Pick titles carefully. When you create a new node, choose a short title that describes the item succinctly and elegantly. This makes it easier for others to link to your writeups, and easier for others to find your writeups.

Use Occam's Razor. If a word isn't crucial to the title, omit it. In almost all cases, use the singular form of a noun or noun phrase, and use the unmarked, simplest form of a verb or verb phrase. Try to anticipate what other people would call your subject.
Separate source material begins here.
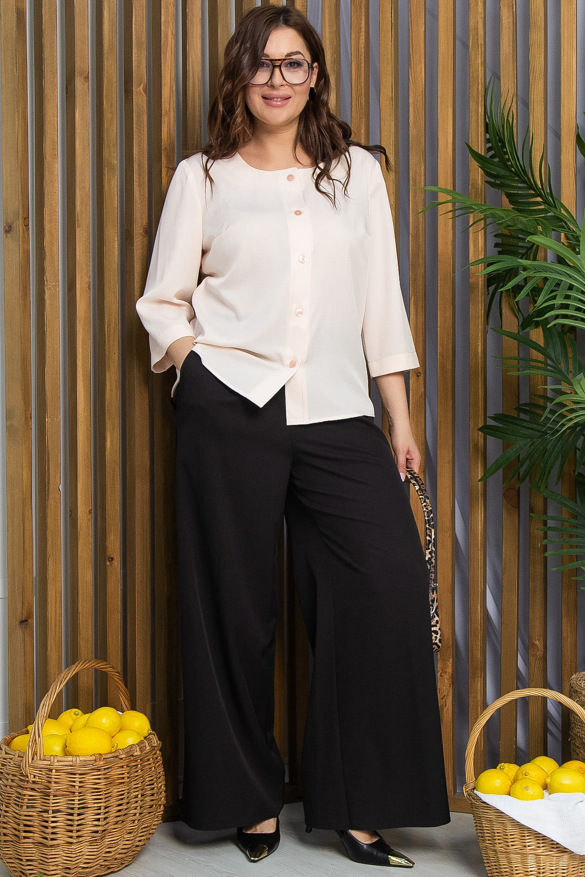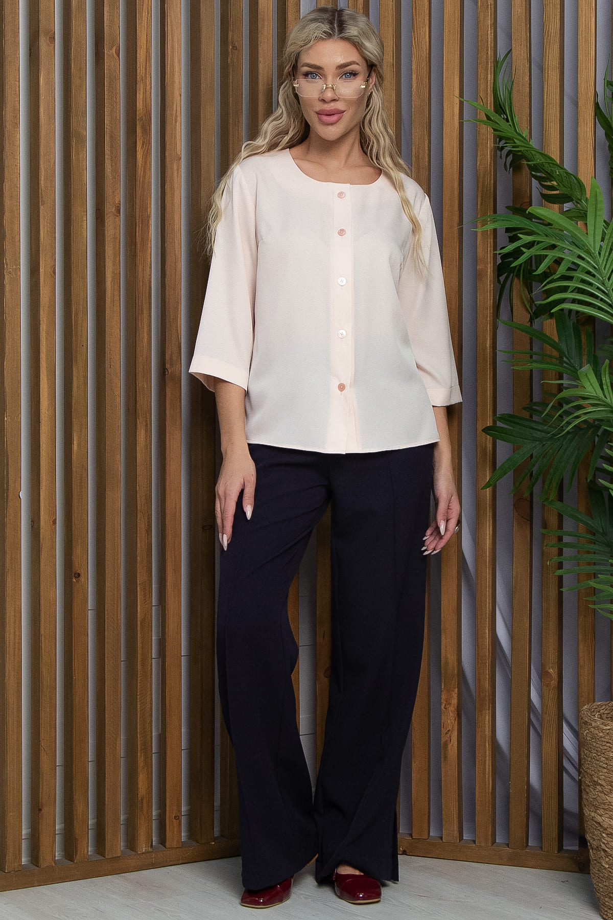 Изящная блузка полуприлегающего силуэта в персиковом оттенке  — это идеальный выбор для любого события! Она выполнена из тонкой и лёгкой ткани, которая струится, создавая лёгкость и воздушность. Поверхность матовая, слегка рельефная, что придаёт ей неповторимый шарм.

The most useful and informative writeups on E2 tend to have titles of one, two or three words. The silliest getting to know you nodes usually have amazingly long titles. This is not to say that an informative writeup never appears under a long title, or that bullshit never appears under a short title, but it's a general trend and you wouldn't want your serious work to be treated as fluff because of its name.
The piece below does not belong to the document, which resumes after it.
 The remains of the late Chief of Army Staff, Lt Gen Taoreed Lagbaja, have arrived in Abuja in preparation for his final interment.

The word "metanode" is almost always unnecessary. If you see the need for a metanode about a particular subject, use that subject for the title of your writeup. After all, the ideas in a metanode about eponymous laws are not *about* an eponymous laws metanode -- they are about "eponymous laws" themselves. A textbook about psychology would be called Psychology, not Psychology Textbook. The term metanode is completely unnecessary and should be left out.

In other words, choose short titles (and put stuff where it goes! -- dem bones).

Most of Sylvar's writeup is good advice.
BUT:

  1. The title of this node should probably be choose short titles -- you shouldn't capitalise without good cause.
  2. Metanodes should generally include that word in the title. A textbook of psychology would not be called Psychology Textbook, because it is about psychology not textbooks. But an index of psychological literature probably would be called Psychology Index, because it is not about psychology!

But still, when you pick titles carefully, you should choose short titles.

People tend not to choose short titles because they know that the longer a node title is, the more likely it is to get noticed -- in New Writeups, in Cool User Picks, or in the softlinks below another node. Consequently we have nodes like "Don't kill your invisible husband to see what he looks like or you'll sob your heart out. But don't worry about the millions of invisible men coming to attack your village because they won't kill you if you don't know how to fight them." which are visited and voted up highly out of proportion to their actual content.

And yet...

...After I had been on E2 for several months, I realized that I'd already visited and voted on all the funny and extremely-long node titles that existed. It's like the feeling that you've seen every videotape in your movie collection ten times, and you have nothing interesting to watch this weekend without leaving the house.

So I went looking for some new nodes, and over time I discovered some of "the sleeper hits." Templeton's writeup under air conditioning. Rancid_Pickle's contribution to incorrigible. Pseudo_Intellectual's anecdote under sea otter. NightShadow's extraordinary experiences with Halcion. These highly experienced noders knew what so few others seem to know: that if you add an intriguing writeup to a common word or phrase, you are truly noding for the ages. Those writeups are located in places where they're likely to be stumbled upon, providing a fresh and interesting surprise to someone who just expected a few sentences of boring and commonly-known facts.

Time and again I see dramatic poetry or personal dramas noded under lengthy and attention-getting titles; I visit them, vote on them, perhaps add a softlink or two, and then forget about them. Eventually someone gives it a C! for an extra ten XP and a little extra attention from the voting public. I imagine that in later months, other noders will spot that node title as a softlink somewhere and visit it, but no one will ever actually Search for it. It's hard to create a truly eye-catching softlink any longer. But it's the one- and two-word nodes, the pleasant surprises, that people stumble onto and vote up again and again.

If you must node for XP, remember that long and interesting titles are usually just get-rich-quick schemes, while the short and simple ones are true long-term investments.